Introduction

Toxoplasma gondii (T. gondii) is an obligate intracellular parasite with a global spread that one-third of the world’s human population harboring toxoplasmosis. Warm-blooded animals and humans are the hosts of this parasite [1]. This parasite is transmitted to new hosts by consuming undercooked meat contaminated with tissue cysts, oocysts excreted in cats’ feces, or the congenital transmission of the active form of the parasite [2]. Like several protozoa infections, toxoplasmosis in people with an efficient and self-limiting immune system is usually mild, but in patients with a deficient immune system and a fetus, it may be life-threatening [3, 4]. In addition, in patients with a deficient immune system, it leads to severe clinical signs, such as Toxoplasma encephalitis (TE), which in severe cases can be fatal [5]. In this case, the most effective treatment is the combination of sulfadiazine (SDZ) and pyrimethamine (PYR) which disrupts the synthesis of folic acid and reduces its level in tachyzoites [6]. This treatment is highly effective but causes side effects, such as hematological disorders and extreme sensitivity, particularly in patients with immune deficiencies. These types of drugs are not effective against cysts present in the tissues and lead to the re-emergence of the disease [7]. Considering the limited anti toxoplasma agents, many attempts have been made to discover novel agents with high efficacy and safety profiles [8].
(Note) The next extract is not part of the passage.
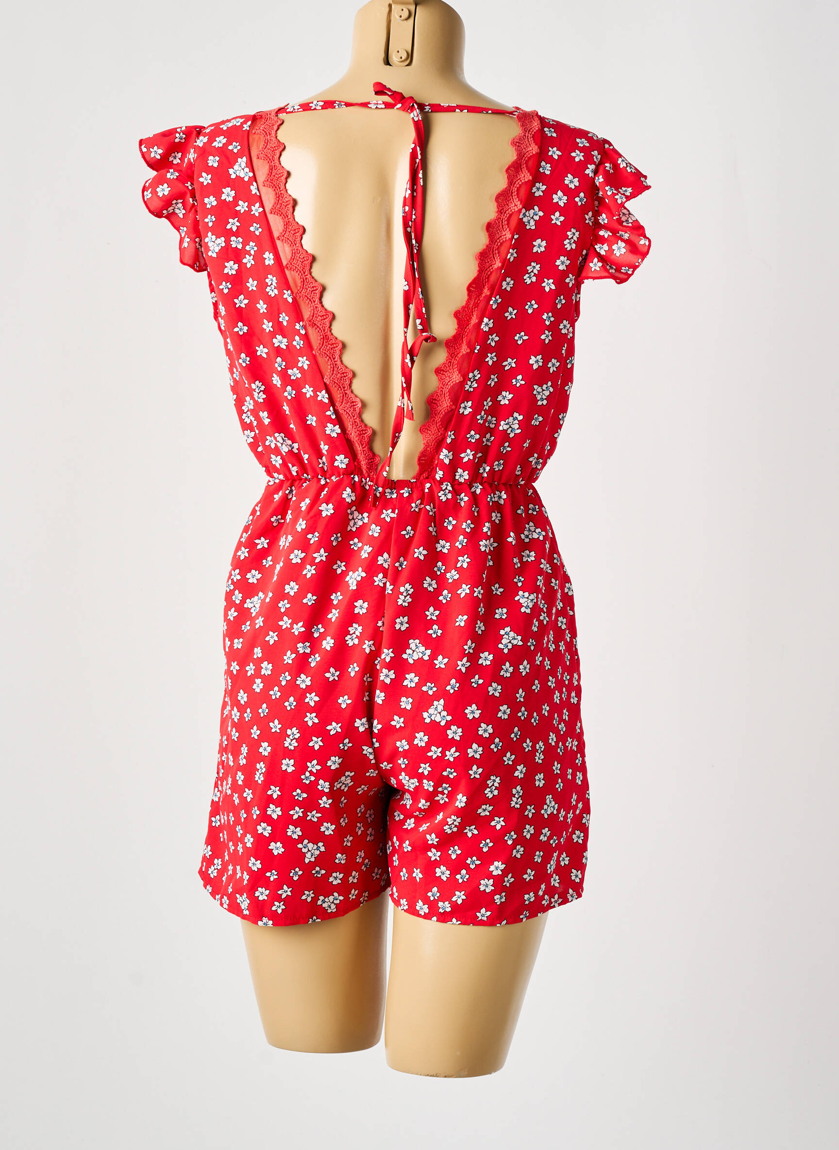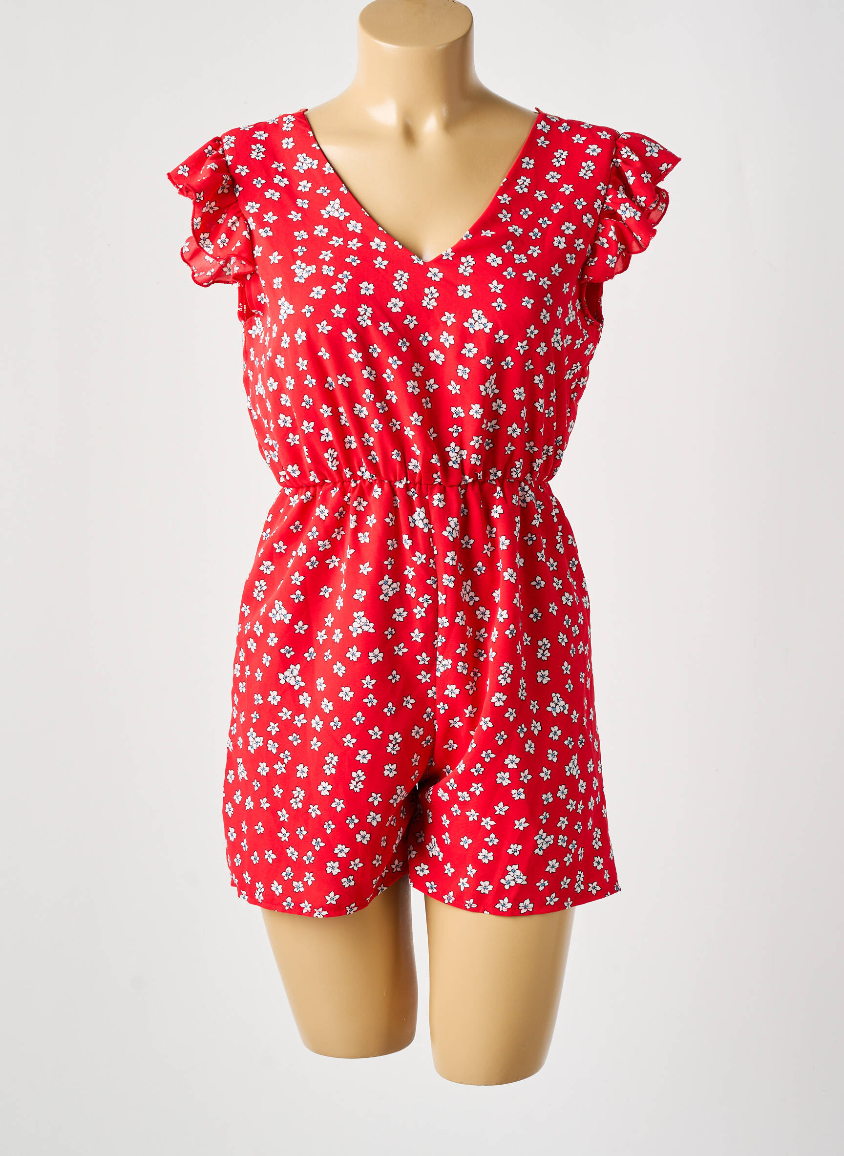 Salopetă Scurtă Lilie Rose Roșu Mâneci Scurte

In 1990, azole compounds entered the market for the treatment of systemic fungal infections, with minimal side effects [9]. For example, Cryptococcus neoformans is an opportunistic pathogen of the CNS and is the most common cause of meningitis in HIV patients. According to the previous document, mixed infections have been observed in T. gondii, Candida spp, or Cryptococcosis in HIV patients [10].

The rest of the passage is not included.